This site is part of an affiliate sales network and receives compensation for sending traffic to partner sites, such as CreditCards.com. This compensation may impact how and where links appear on this site. This site does not include all financial companies or all available financial offers.
After staying two nights at New York-New York and getting a couple of nights credited to my Hyatt Gold Passport account, it was time to make the switch to Excalibur. Why the move? Cost, of course.
The daily rate at New York-New York was over $200 for Saturday night. The average daily rate for Thursday and Friday was $95 a night. So I checked rates at Excalibur – they were only $75 for Saturday night, connected by a walkway and also part of MLife, which has a great partnership going with Gold Passport. Perfect. I was happy to book a night at that rate, although the hotel reviews advised me not to get my hopes up. But for one night, I was sure it would be fine.
And it was. The casino part of the property was a lot like the others. The usual games, slots, bars, and neon. I did notice there were a LOT more chain restaurants though: Pizza Hut, Cinnabon, Schlotzky’s, McDonald’s, that kind of thing. And it did seem a touch more “family friendly,” if that can be said of anywhere in Vegas, thanks largely to its “castle” theme… more on that in a sec. So after priority checkin (thank you, Lord), I followed the signs to Tower One, then for room 11101. Yes, a 5-digit room number.
This hotel is massive! It spans a couple of ACRES, and is so easy to get lost in (or stay in for your whole Vegas experience). After I got off the elevator, I looked down a long, long hallway that reminded me of The Shining. It was definitely the dated decor that gave that impression.
They stuck me and the END of that long, long hallway, so by the time I trudged to the end of it, I was ready to
collapse put my bags down. First thought upon swinging the door open? DAY. TED. So dated. I do respect a commitment to the castle theme, but oh my god.

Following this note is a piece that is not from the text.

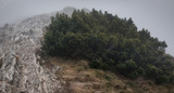 Mountain trail, road in the fog, mountain landscape, High Tatras.
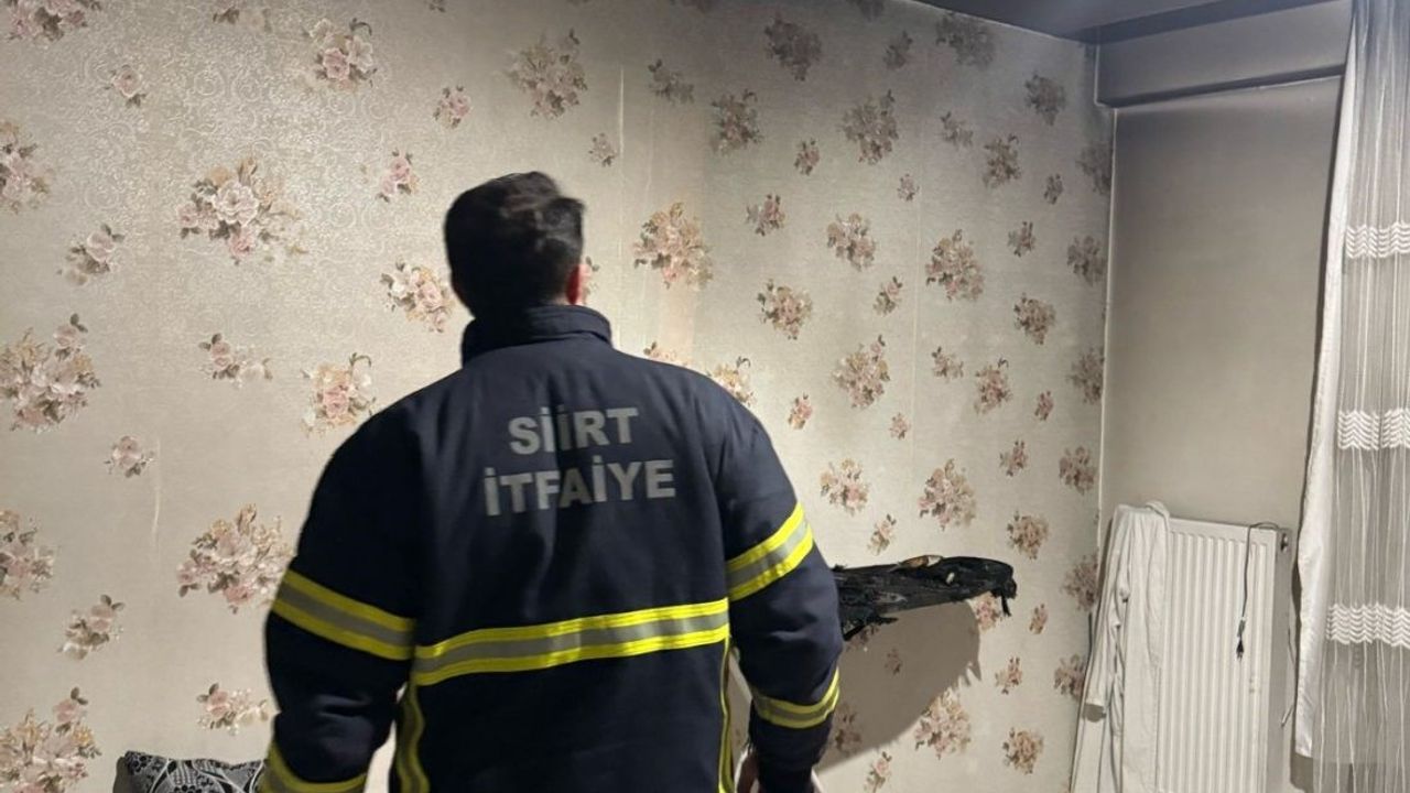 Siirt’te bir evde açık unutulan ütü yangın çıkmasına neden oldu.

This looked like the 70s, complete with beaten down carpet and furniture that looked more like movie props than anything else.
So I set my things down and my eyes got lost in all of the details, both gauche and worn down. I noticed the extreme wear and tear, the scuffs, on all the furniture. The A/C vents looked long broken and never repaired. Then there was the carpet. There were actually cool designs in the carpet… like thirty years ago. In 2014, though, it’s been so trodden down that it looks and feels dirty and just kinda… yeah, dated.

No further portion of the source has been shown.